NEW ZEALAND effectively did away with the gallows in 1961 when a National Government revised the Crimes Act. Earlier, the first Labour Government had abolished hanging for murder, but capital punishment was reinstated by the subsequent National administration. The second Labour Government did not change the law, it simply did not enforce the death penalty. So, in 1961, it was left to National’s most notable Minister of Justice, Ralph Hanan, to perform a politically curious task. In September that year he introduced a Crimes Bill that still prescribed the gallows as the ultimate punishment for murder, but at great length during the Second Reading he forcefully recommended to Parliament that it replace hanging with life imprisonment in these clauses. Mr Hanan prevailed. Over the objections of another National Party notable, Sir John Marshall, the death penalty was removed from the statute books except for treason and certain breaches of military discipline. Almost three decades later it has fallen to a Labour backbencher, Mr Bill Dillon (Hamilton East), to attempt to excise this last shadow of the gallows from New Zealand law.
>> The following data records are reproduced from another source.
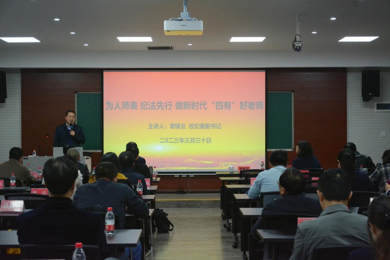 校纪委副书记章锋云为马院全体党员及教职工做了《为人师表 纪法先行 做新时代“四有”好老师》的主题报告。他将党的二十大精神融入到讲座内容中,根据上级纪检部门的要求,结合高校教师违纪违法的典型案例进行讲解,讲座条例清晰,内容丰富,指导性强。他要求全体党员要以实际行动遵守从严治党要求,守好纪律的红线,不触碰法律的底线,强化纪律意识、规则意识,为人师表,行为示范,争做新时代的“四有”好老师。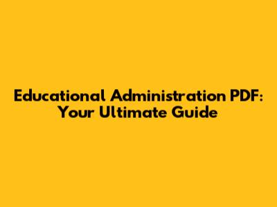 Educational Administration PDF: Your Ultimate Guide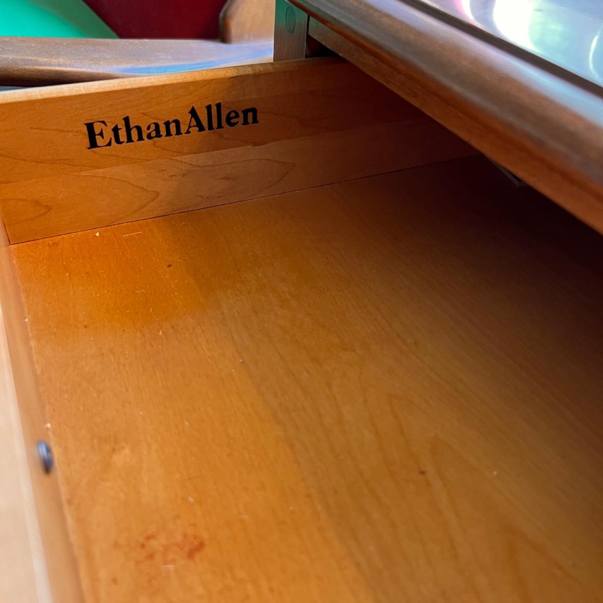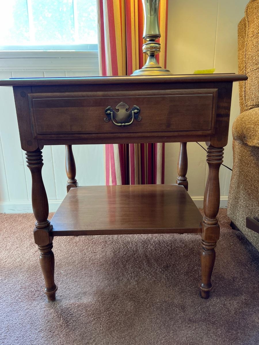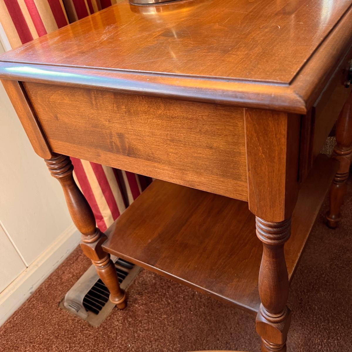 1 drawer 2 tier end table by Ethan Allen 22.5ʺW × 18.5ʺD × 26ʺH. In good used condition. See all pics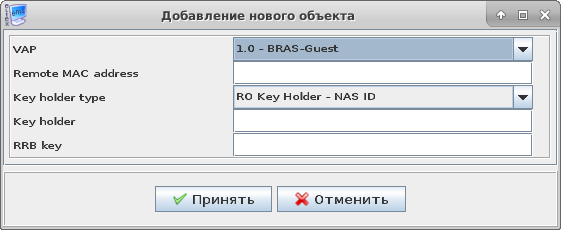 MAC – адрес точки доступа указывается в поле "Ключ". Также требуется указать имя привязываемого правила инициализации (нажмите кнопку в конце строки, чтобы выбрать из существующих правил), домен правила, а также домен узла, в который будет помещена точка доступа. При этом при сложной иерархии домена узла будут созданы все необходимые узлы и подузлы.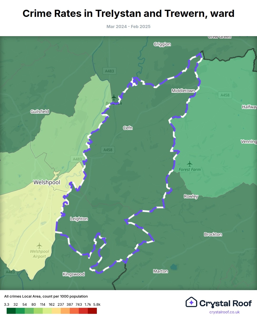Trelystan and Trewern, (ward) includes areas with the following crime ratings (see map):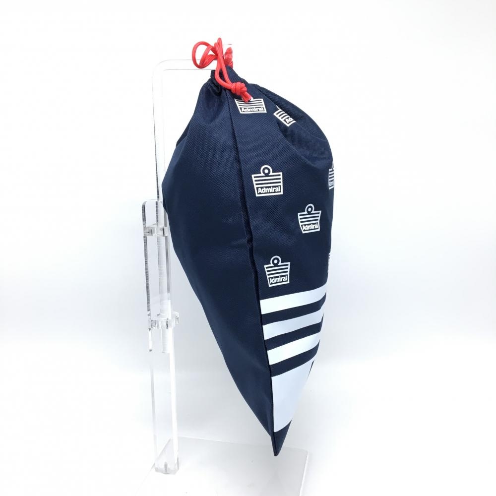 【超美品】アドミラル シューズケース ネイビー×白 片面ロゴ総柄 巾着 ゴルフ Admiral

A private member’s bill he introduced this week, the Abolition of the Death Penalty Bill, intends that references to capital punishment in both the Crimes Act (treason) and in the Armed Forces Discipline Act be replaced by life imprisonment. The bill also seeks to prevent a person being extradited from this country if he or she is likely to face the death penalty. Only six votes — all by National members — were recorded as opposing this bill being referred to a Select Committee. Between Mr Hanan’s powerful Second Reading speech, and the Dillon bill the United States has
been through its own debate over capital punishment. Just as in this country in the two decades before 1961, when a murderer’s fate could depend on an election result, Supreme Court rulings on capital punishment have been of vital concern to many an American murderer. Most American death penalty statutes are state, not federal, law. The United States Supreme Court ruled these laws unconstitutional and effectively barred the death penalty for about five years in the 19705. A subsequent Supreme Court decision effectively allowed rewritten capital statutes. The Bible Belt states of the American south, with murder rates several times higher than New Zealand’s, rushed to get the electric chair back into law early this decade. In many parts of the American south, the electric chair rates alongside fried chicken, blackened catfish, the pick-up, and the gun as symbols of normal society. Such symbols have a political significance. Not the least of the southern woes last year for the Democrat presidential hopeful, Michael Dukakis, was that he favours doing away with capital punishment for murder. That translated in some quarters as being soft on crime; and became a political liability in much of the south. The issue came to a head in the second televised debate between Dukakis and his opponent for the White House, George Bush. Dukakis, right at the start of the debate, was asked how he would feel about the death penalty if his wife, Kitty, was raped and murdered. At issue was not simply the Democrat’s liberalism, but his equally damning reputation as the unfeeling, technocratic “iceman." In 1961, Ralph Hanan, asked himself the same question during his Second Reading speech. “The only reply I could make to that is that, for me, the
emotional reaction would be the same as for everybody else, but whether it would be reason, is another question. Reason, I submit, teaches us that capital punishment does not deter.” Dukakis, 27 years later, tried to say the same thing but, clearly shocked by the question, was not convincing. Through the towns of the south the next day the damage had been done. The American debate centred round capital punishment for murder, an issue resolved in New Zealand almost three decades ago, but even as Mr Dillon was planning his private member’s bill to remove the death penalty from New Zealand law completely, American politicans were moving the other way. In a pre-election crack-down on drugs, a federal bill was passed last year which would
allow courts to give “Drug czars” the death sentence. In Georgia, local politicians were trying to devise ways to shorten the lengthy appeals process between sentencing and execution. The delay of between five years and two decades, and the expensive legal jockeying in state and federal appellate courts, results in a paradoxical situation. It costs more to pass a death sentence than it does to give the usual alternative sentence of life in prison with no chance of parole. Such pre-election posturing to a voting public scared of violent crime is not purely an American phenomenon. In New Zealand long-standing but vague calls to bring back the rope hit centre stage before the 1987 election. In an election promise,
National vowed to hold a referendum on the death penalty. A largely-hostile public reaction ensured that any National sponsored referendum would not be binding, and National politicans refused to commit themselves to voting for hanging for murder. The six National members who this week opposed the introduction of Mr Dillon’s bill believe that for exceptional treason or treachery, especially in times of war, the death penalty should be available.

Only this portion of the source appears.